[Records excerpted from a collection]
━━━━━━━━━━
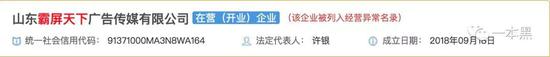 2、霸屏天下背后的企业,为新注册企业,却因“通过登记的住所或经营场所无法与企业取得联系”,而被列入经营异常名录。
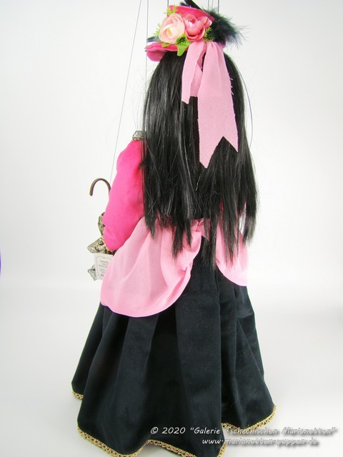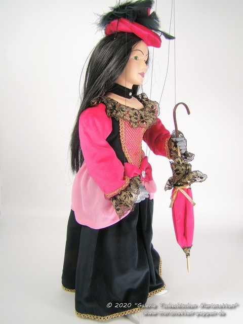 Dáma dekorativní Česká loutka marioneta. Základní hybný systém je řešen v soustavě: dřevěné vodítko a nitě. Hlava, nohy a pár rukou je odlita z tvrdé dentální sádry. Ruční malba loutky je prováděna nezávadnými vodostálými barvami, testovanými pro použití na dětské hračky. Loutka je určená jako originální hračka dětem od 4 let, jako postavička pro rodinné loutkové divadlo. Dekorativní loutka, marioneta, kterou ocení i starší a to právě díky jejich unikátnímu vzhledu. Je taky však jako jedinečný český suvenýr či hezký dárek.
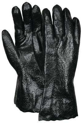 PVC Gloves^ Single dipped, rough finish PVC gloves. 12 inch length. Size: Large.
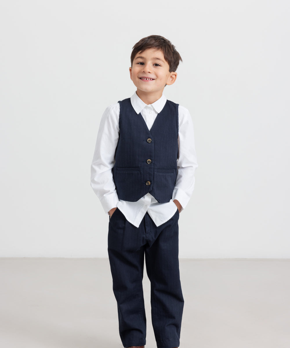 Dreng iført festtøj - mørkeblå bukser, hvid skjorte og vest til børn
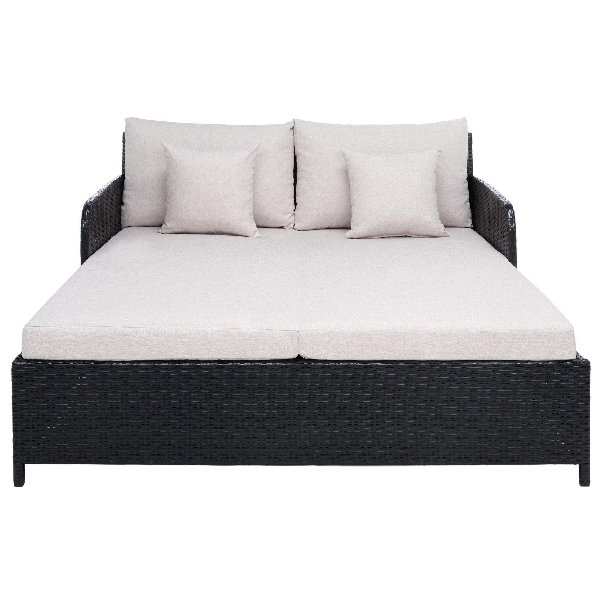 Lit de jour d'extérieur SAFAVIEH Taniyah en osier avec oreiller et coussins - 53 cm (L) x 28 cm (P) x 62 cm (H)
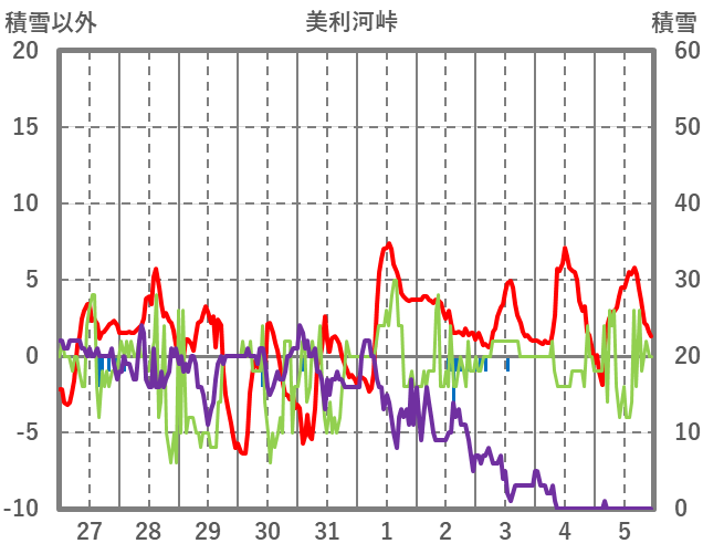 | 日 | 時 | 気温 | 降水 | 風向/風速 | 日照 | 積雪 | 降雪 |
━━━━━━━━━━
The task:
Each line above should be written out again exactly, and no picture should appear in the copy.

Exercise solution:
 2、霸屏天下背后的企业,为新注册企业,却因“通过登记的住所或经营场所无法与企业取得联系”,而被列入经营异常名录。
 Dáma dekorativní Česká loutka marioneta. Základní hybný systém je řešen v soustavě: dřevěné vodítko a nitě. Hlava, nohy a pár rukou je odlita z tvrdé dentální sádry. Ruční malba loutky je prováděna nezávadnými vodostálými barvami, testovanými pro použití na dětské hračky. Loutka je určená jako originální hračka dětem od 4 let, jako postavička pro rodinné loutkové divadlo. Dekorativní loutka, marioneta, kterou ocení i starší a to právě díky jejich unikátnímu vzhledu. Je taky však jako jedinečný český suvenýr či hezký dárek.
 PVC Gloves^ Single dipped, rough finish PVC gloves. 12 inch length. Size: Large.
 Dreng iført festtøj - mørkeblå bukser, hvid skjorte og vest til børn
 Lit de jour d'extérieur SAFAVIEH Taniyah en osier avec oreiller et coussins - 53 cm (L) x 28 cm (P) x 62 cm (H)
 | 日 | 時 | 気温 | 降水 | 風向/風速 | 日照 | 積雪 | 降雪 |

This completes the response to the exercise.